*** Opening DATASET ***
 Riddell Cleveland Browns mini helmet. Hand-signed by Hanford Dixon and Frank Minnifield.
*** Closing DATASET ***
*** Opening DATASET ***
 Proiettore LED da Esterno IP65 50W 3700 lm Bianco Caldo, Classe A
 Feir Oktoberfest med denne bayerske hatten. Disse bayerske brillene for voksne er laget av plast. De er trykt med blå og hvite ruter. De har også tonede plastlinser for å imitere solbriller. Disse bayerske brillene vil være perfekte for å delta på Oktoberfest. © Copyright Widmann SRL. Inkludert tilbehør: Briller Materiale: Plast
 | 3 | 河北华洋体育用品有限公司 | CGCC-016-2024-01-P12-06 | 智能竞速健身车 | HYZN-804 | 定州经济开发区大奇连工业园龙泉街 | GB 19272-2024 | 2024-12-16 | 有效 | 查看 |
*** Closing DATASET ***
▶ **TRY IT**: In the listing above, find the line with "Feir Oktoberfest med" and the line with "2024-12-16 | 有效 | 查看 |". Output those two lines and every line between them, exactly as written.

▶ **YOUR SOLUTION**:
 Feir Oktoberfest med denne bayerske hatten. Disse bayerske brillene for voksne er laget av plast. De er trykt med blå og hvite ruter. De har også tonede plastlinser for å imitere solbriller. Disse bayerske brillene vil være perfekte for å delta på Oktoberfest. © Copyright Widmann SRL. Inkludert tilbehør: Briller Materiale: Plast
 | 3 | 河北华洋体育用品有限公司 | CGCC-016-2024-01-P12-06 | 智能竞速健身车 | HYZN-804 | 定州经济开发区大奇连工业园龙泉街 | GB 19272-2024 | 2024-12-16 | 有效 | 查看 |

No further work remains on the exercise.